The Featherbedding Files, Entry 13

From American Speech, Vol. 22, No. 4 (Dec., 1947), 303-04.


A rather striking semantic development is the recent occurrence of the term featherbedding to describe the slow-down tactics of our contemporary labor unions. A good example of its use as both gerund and participle is to be found in the statement of C. E. Wilson, president of General Motors, presented to the Senate Committee on Labor and Public Welfare, February 5, 1947 (Section 8, ‘Featherbedding.’)

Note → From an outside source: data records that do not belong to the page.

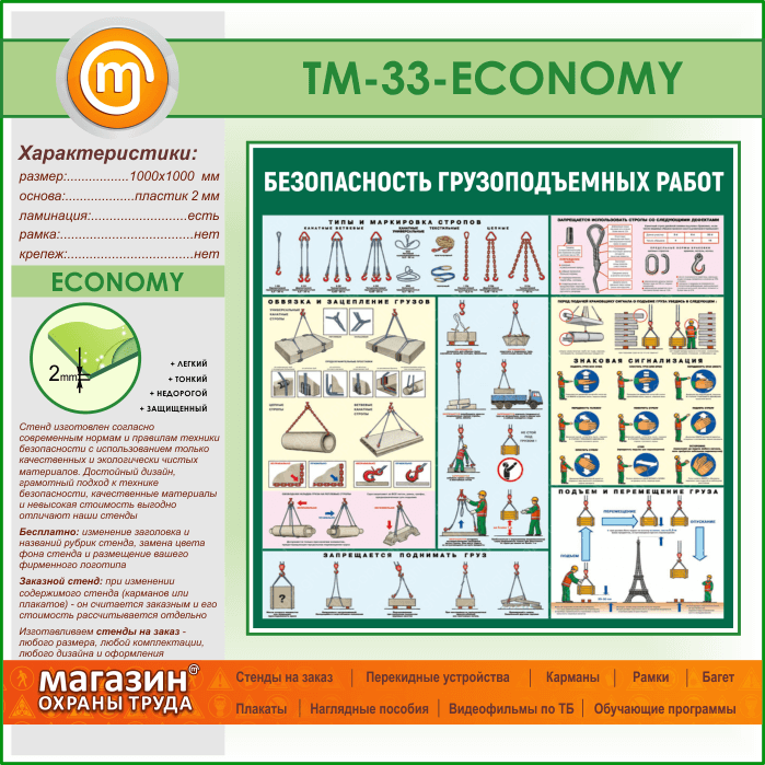 Стенд «Безопасность грузоподъемных работ» (TM-33-ECONOMY) в Твери купить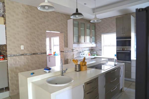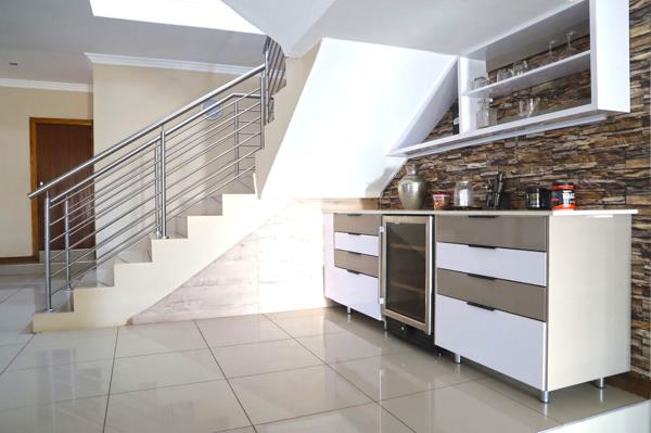 Elegant Living & Dining Areas Designed for both relaxation and entertainment, the spacious lounge and dining room flow seamlessly onto a covered patio with a built-in braai area perfect for family gatherings and social events.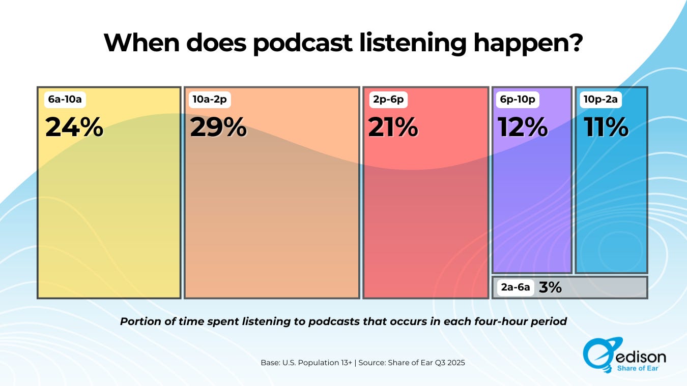The Data :Edison Researchâs Q3 2025 Share of Ear study, scheduled for full release to subscribers next week, reveals that Americans age 13+ spend 10% of their total daily audio time listening to podcasts. The study tracked podcast consumption patterns across all dayparts among the 13+ demographic, providing the most comprehensive picture of when podcast listening actually occurs throughout the day.
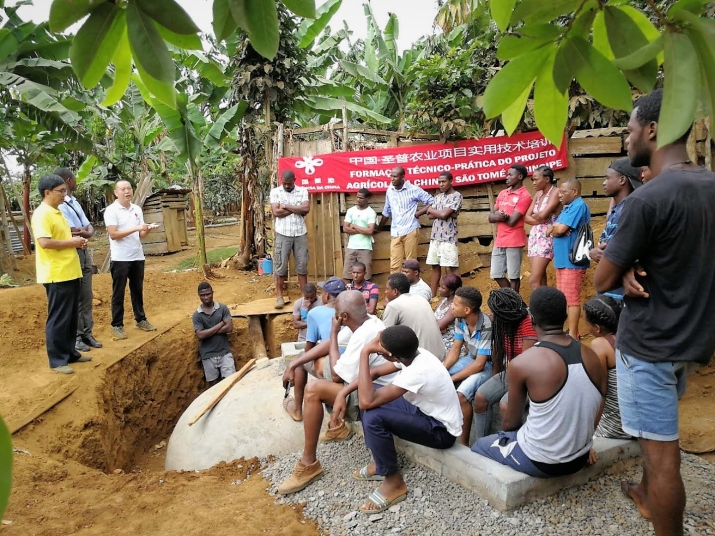 黄健是由中国农业农村部向圣多美和普林西比派出的农业专家。这一天,黄健在圣普洛巴塔县修建的第一口沼气池顺利通气,正式投入使用。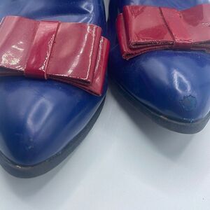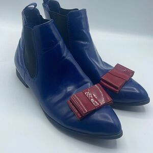 Beau+Ashe Women's Chelsea Boots Slip On Shoes Red Bow Almond Toe Blue Size 7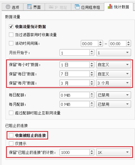 收集已经阻止的连接 选项可以关闭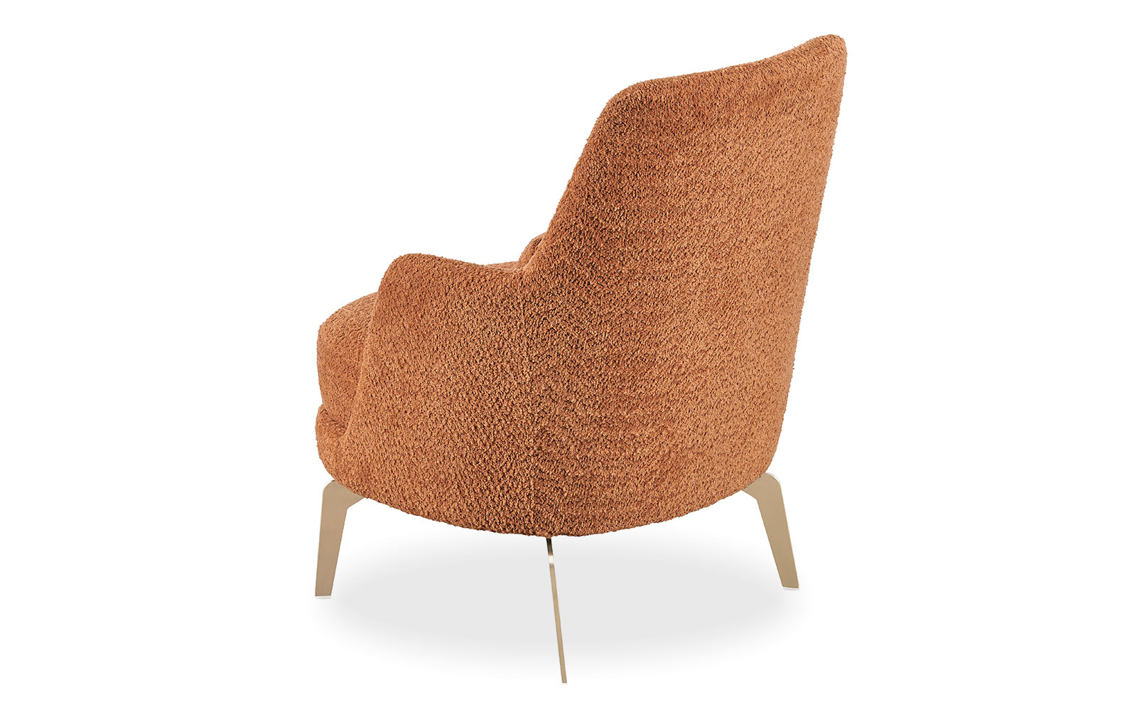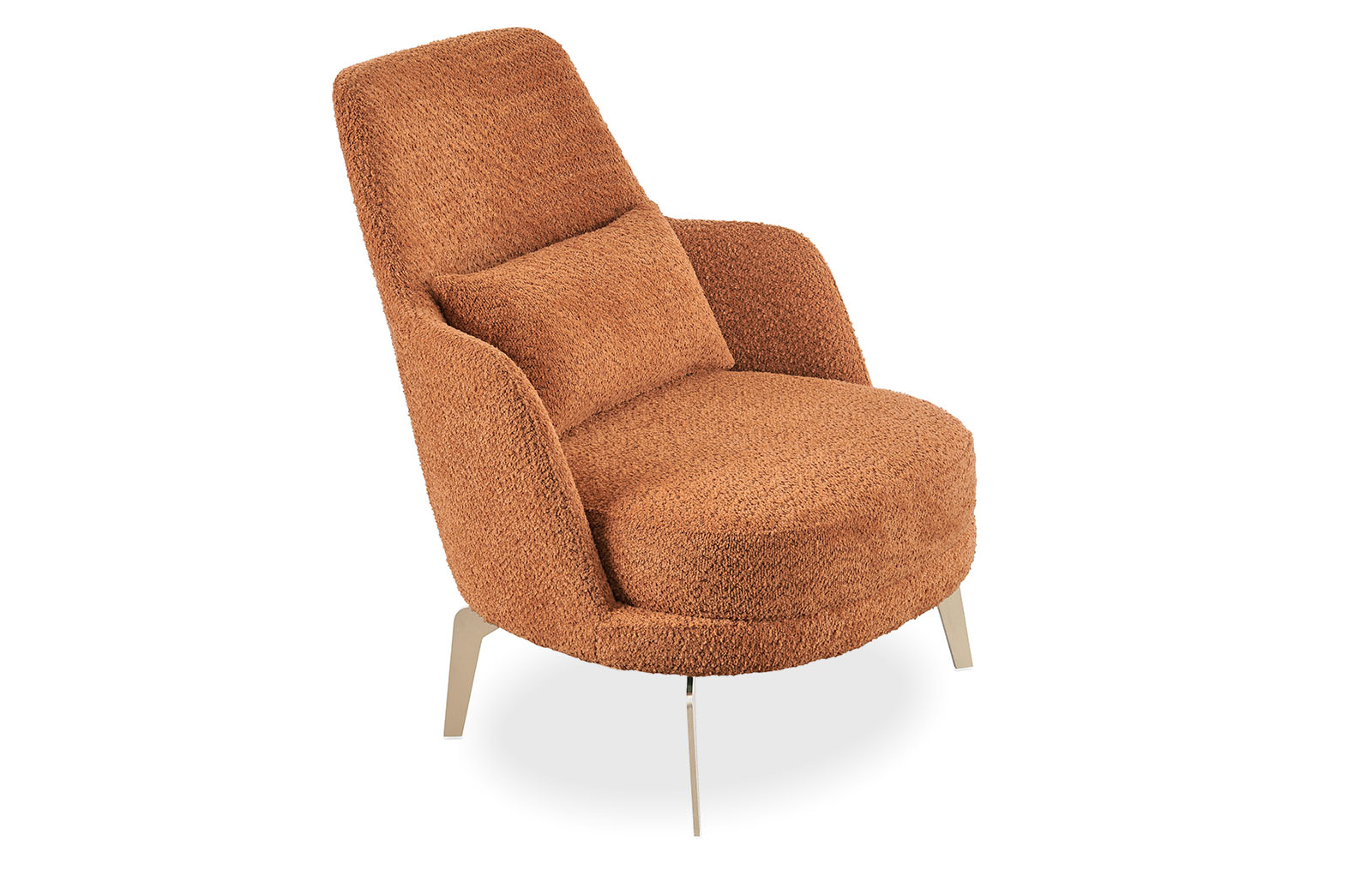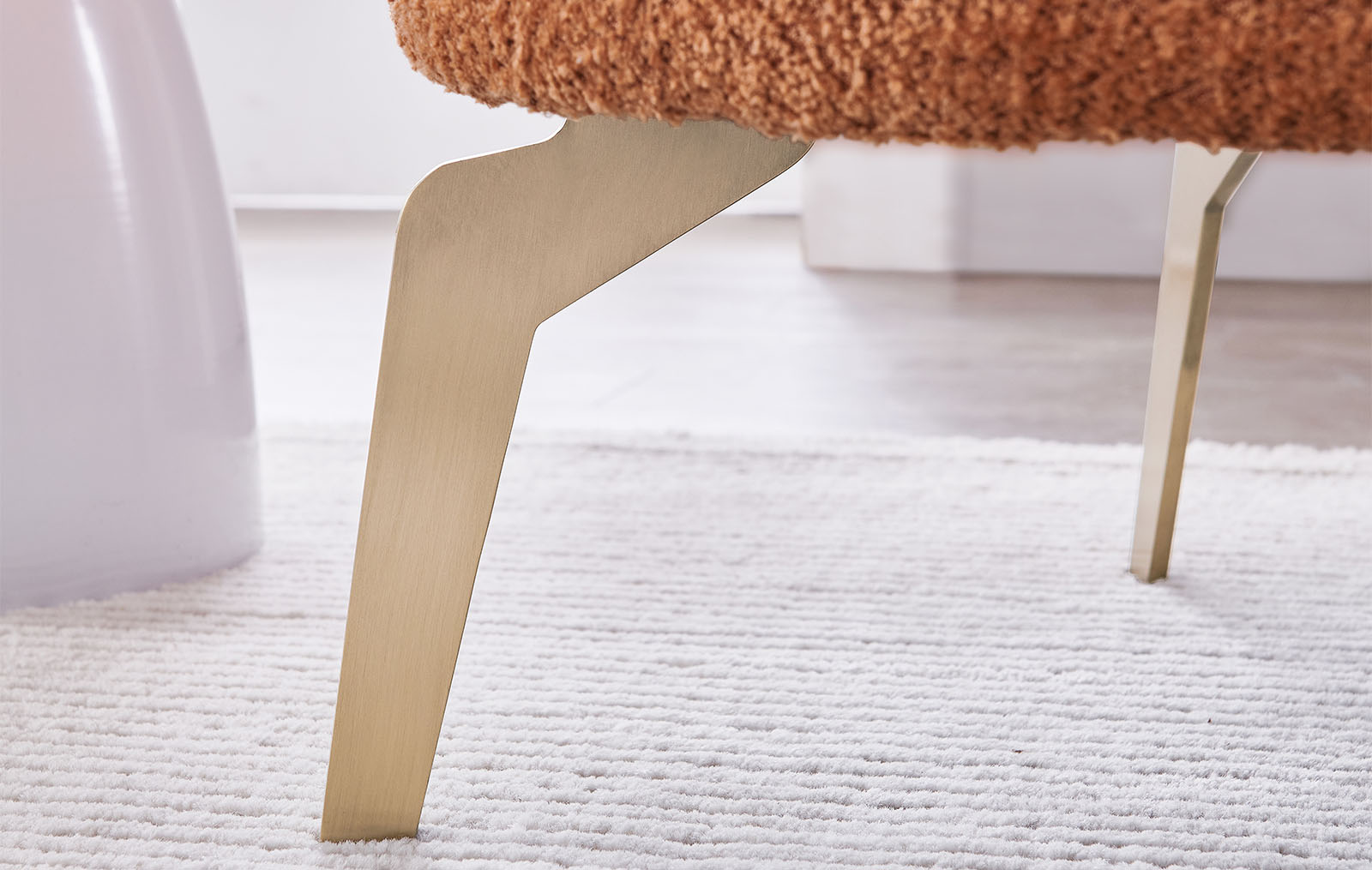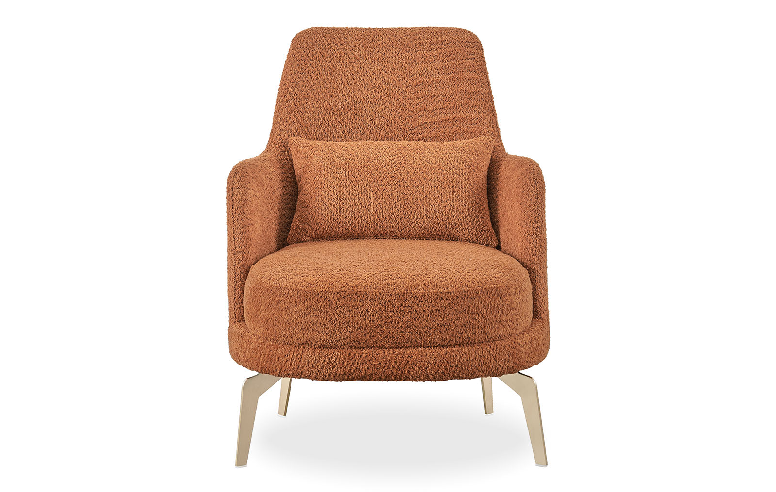 Его обивка изготовлена из ткани тедди терракотового оттенка, элегантного и благородного, хорошо гармонирующего с другими цветами.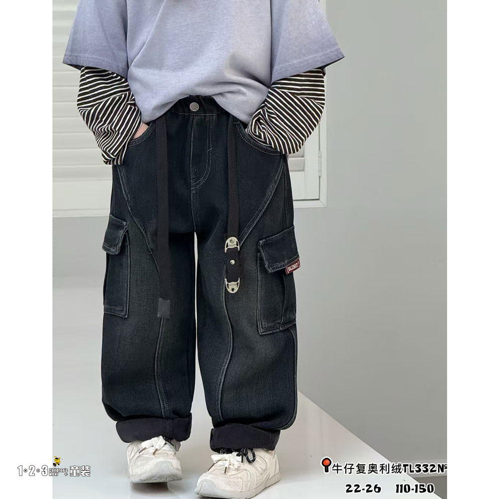 (一体绒)★【特价】深蓝 冬款 110-150男中童332 JKDD时尚牛仔夹裤1+2=3童装连锁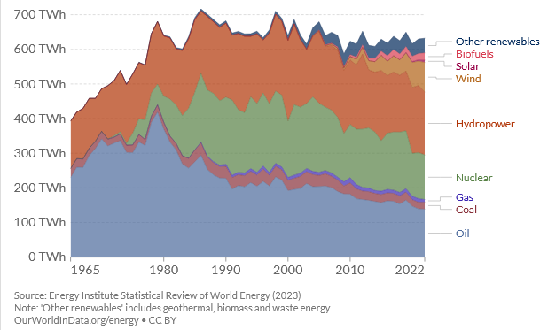 Sweden is perhaps the “greenest” country on earth. Their electric supply is a healthy mix of hydropower, wind, solar and biomass to make things go when the sun doesn’t shine and the wind doesn’t blow. Many cities are well planned where nearly all residential heat comes from spillheat from power plants. In Linköping the year 1967 the whole town was heated with surplus electricity during the spring flood. No house was allowed to have a fireplace in the regulated zone (except the city Architect’s and 3 other townhouses that somehow escaped the ordinance.) The energy use looks like this for Sweden: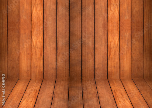 Close up blank curved teak wooden wall and floor background and texture.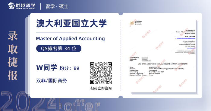W同學擁有審計專業的均分85+的優異學術成績,但由于背景較為特殊,他需要專業的指導來充分展示自己的優勢和潛力。優越留學的專業顧問為他提供了全面的留學規劃和申請策略。顧問們協助他精心準備了申請材料,確保所有文書和推薦信的質量和內容都能夠最大程度地突顯他的學術背景和潛力。此外,顧問們還為他提供了針對性的雅思考試準備,以確保他能夠達到ANU的語言要求
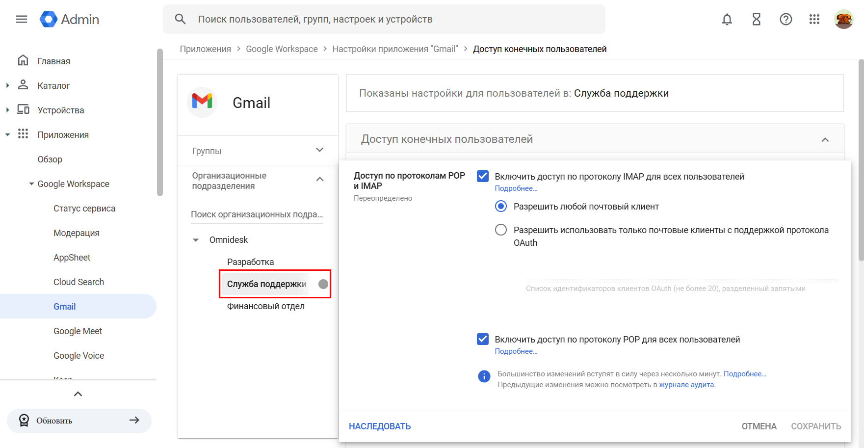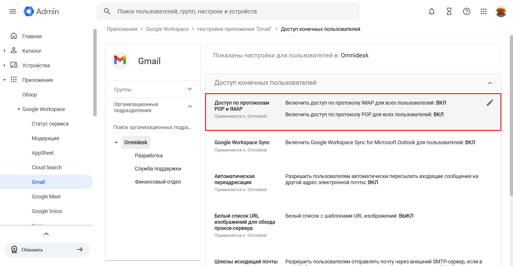 По умолчанию в Google Workspace протокол IMAP включён на уровне всей организации, и эта настройка наследуется всеми подразделениями. Администратор может изменить параметры для конкретного подразделения — отключить или, наоборот, включить доступ.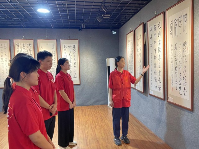 映照初心耀前程,馆内书画如同穿越时空的信使,“红”魂沁入丹“青”。 实践队成员在埭头天云洞家风家训示范基地感悟学习每幅作品的深厚内涵,深刻感受传统家风家训薪火相传、与时俱进的生命力与影响力,在每一片“青”田培植红色记忆“芯”。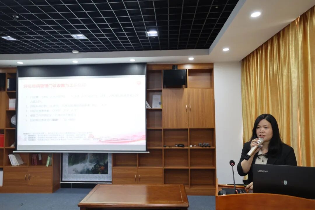 肺病科护士长韦洪媚围绕科室肺功能检查工作开展情况进行详细介绍。她结合临床实际,分享了科室在肺功能检查规范化操作、患者指导、质量控制等方面的实践经验。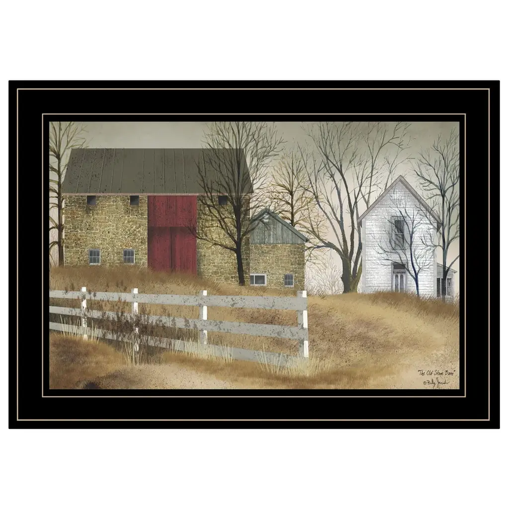 Trendydecor4u Traditional "The Old Stone Barn" Framed Print Wall Art By Billy Jacobs - Wood - Black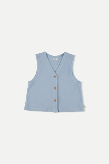 V-neck vest in soft, waffled, organic cotton vest. Buttons at front and straight hem. Super-soft inside for excellent wearing comfort. Garment-dyed. 100% organic cotton. Knit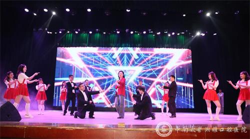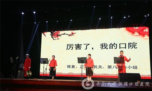 紧接着,修复科、种植科、正畸科、放射科、住培办和机关的老师们联袂演出三句半——《厉害了,我的口院》,引发全场笑声不断。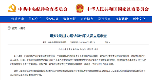 延安通报仝卓事件:对违规办理转学公职人员立案审查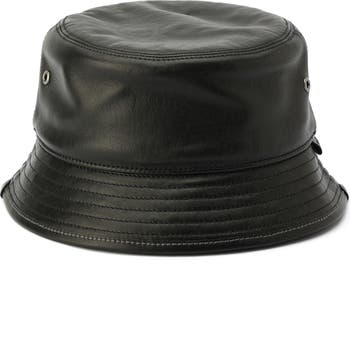 A smooth leather silhouette emboldens this on-trend bucket hat.
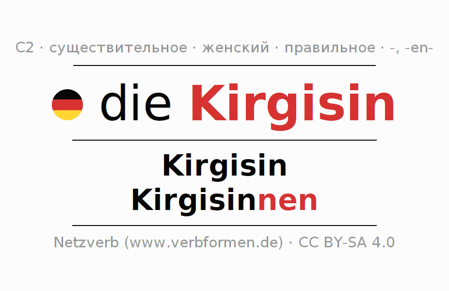 - Множественное число: die Kirgisinnen, der Kirgisinnen, den Kirgisinnen, die Kirgisinnen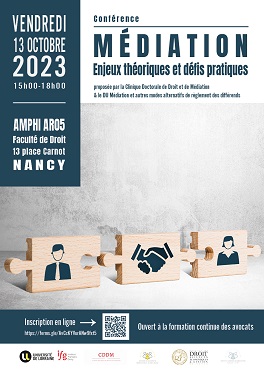 Conférence proposée par la Clinique Doctorale de Droit et de Médiation (CDDM) et le DU Médiation et autres modes de règlements alternatifs des différends (MARD)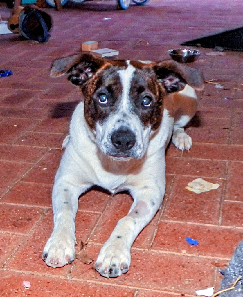 I've lived with kids before, but I can be a bit jumpy for the little ones. When I lived with three little people I loved playing with them; we were the bestest friends in the world. I'm very curious and liked to check out new things with them when I was allowed to. I'm unsure at first with new people and don't like it when they try to introduce themselves too fast, after all I am still a puppy and that can be a bit scary. When you let me come to you though at my pace it only takes a few minutes and I'll be on your lap giving you the biggest puppy kisses.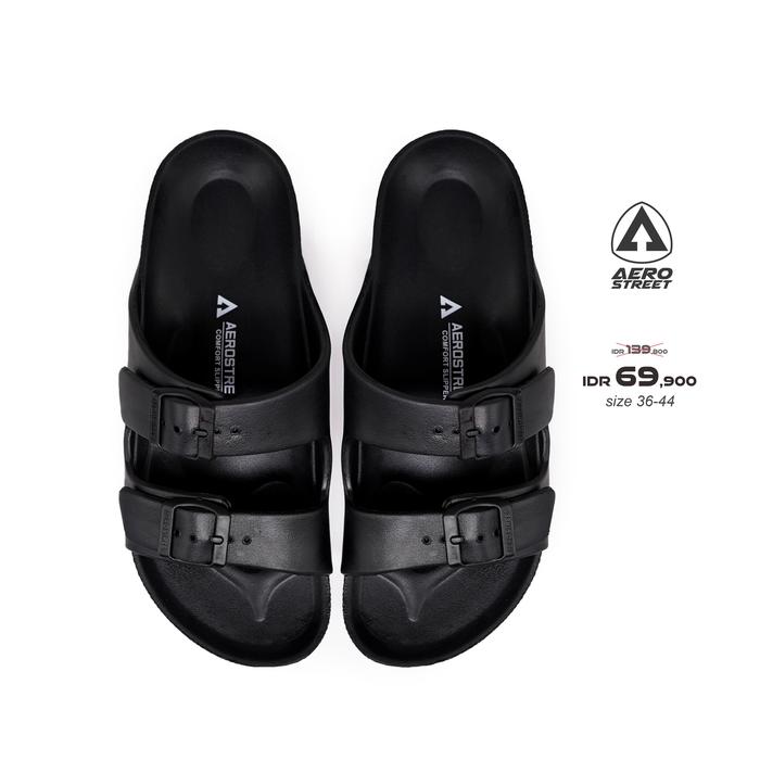 AEROSTREET 36-44 CONIFER HITAM - SANDAL SENDAL SELOP SLIP ON CASUAL PRIA WANITA AERO STREET ABAAA - 36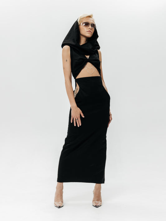 Sukienka Moon z kapturem (czarna, maxi)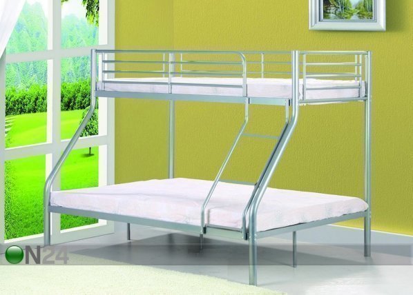 Kerrossängyssä on metallirunko – viimeistelty hopean sävyisellä maalilla – sängynpohja metallia – patjat… Lue lisää »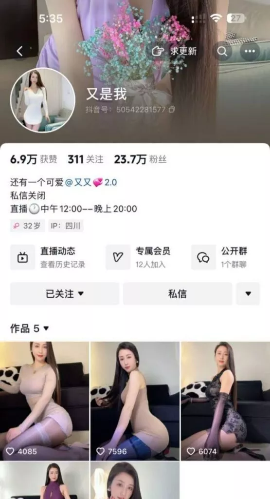 知名网红“又是我”在抖音上拥有23万粉丝,近日却曝出一段线下一对一的果聊视频。视频中,这位绝美的少妇身着情趣旗袍,配以肉丝高跟鞋,完美展现出令人惊艳的性感姿态。

Wilson’s comments were also circulated as a pamphlet entitled Legislation for Labor Peace and distributed by the General Motors Corporation. In the following quotation, italics are mine:

If technological improvements are to produce the greatest good for the greatest number, the benefits of such improve-ments must be broadly distributed to all of us as customers. The advantages of technological improvements can be dissipated by artificial restnction of output below normal working capacity. Featherbedding must be discouraged and must not be protected by law. Recent demands for portal-to-portal pay throughout industry really put featherbedding on a mass production basis. In this particular case, the usual demands for ‘more money for less work’ reached an all-time high of ‘more money for no work at all.’ Featherbedding partly comes from the false philosophy of ‘made work’ during the depression years and is more prevalent in the activities of craft unions than it is in the activities of vertical shop unions…. All of our labor laws should be carefully drawn so that they do not protect unions which foster this unsound featherbedding practice.